Бутан . И как она тебе?
Новенький . Эй, ребята, почему вы снимаете мой пиджак?
Танцор . Не думай ни о чем, хорошенький мой! Продолжай рассказ!
Подходит Хлыст. Бизерта слезает с нар. А Весельчак вытягивается передо мной.
Новенький . Мне холодно!
Танцор (обняв, увлекая его). Не плачь, бигуди! У нас есть совсем тепленькие поильники с соской.
Что вы делаете, парни? Чьи-то руки хватают меня за локти, ноги – за все. И вот уже я отрываюсь от земли, как «боинг», и возношусь в загрязненную атмосферу. Вижу внизу совсем маленькие унитазы. Я плыву над камерой на ковре из грязных рук. Приземляюсь на животе. Опять чьи-то руки раздвигают мои ноги. Я лежу, как распятый, на сальном матрасе. «Не двигайся, Иисус! – говорит Ханжа. – Мы перекрестим тебя особым способом». Он вытаскивает тюбик святого крема. И сильный прелат вводит его в интимные места. «Теперь ты совсем готов принять Всемогущего!» – говорит он. Я сжимаю зубы, закрываю глаза, начался отсчет времени для космонавта. Хлоп! И буфера столкнулись. Прицепляют новый локомотив. Господа пассажиры, направляющиеся на пожизненную отсидку, в карцер, в клевые тюряги, – на посадку! Поршень заработал, вагон катится все скорее, через дыру в сортире слышен грохот колес…
Надзиратель (дежурный в пуленепробиваемом помещении). Какао с молоком недурно… Мы согреем его на печке… Приготовьте миски.
Хлыст (дышит в ухо новенькому). Чего ты так напрягся? Расслабься, малыш! Продолжай рассказ. Расскажи, как ты совершил преступление.
Новенький (со слезами в голосе, со снарядом в заднице). Я угробил ангела, я выстрелил в чудо, я осквернил любовь пулей 11-миллиметрового калибра.
Хлыст (очень заинтересованно).
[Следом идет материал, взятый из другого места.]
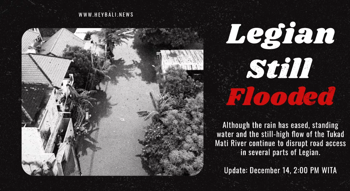 LEGIAN — Rainfall across Legian had eased by early afternoon on Sunday, but flood risks have not fully subsided. As of 2:00 PM local time, water levels in Tukad Mati River remain relatively high, keeping several surrounding streets partially inundated and traffic conditions fragile.

Из кольта? Настоящего?
«Да», – говорит новенький, который начинает жевать глянцевую подушку.
Хлыст . Не останавливайся, я совсем в отпаде от тебя.
Новенький . Я выстрелил только раз, чтобы не было грязи. Как раз между глазами. Дырка получилась четкая и чистая. Только позади на стене висела абстрактная картина, которую я никогда не видел и не покупал в галерее. И тем не менее она висела привязанная к стене. И на ней оказалась разбрызганной мозговая жидкость.
Вся аудитория дружно . И что же? Что потом?
Новенький . Потом я положил руку на телефон, прокашлялся и поднял трубку. Комиссар ответил мне очень любезно. Он подумал, что я звоню по поводу шиньона его жены, который ей нужен для бала в префектуре. «Не совсем, – говорю. – В общем, я убил Карлу».
Танцор . А до этого? Начни с начала. Насколько я понял, ты эмоциональный человек.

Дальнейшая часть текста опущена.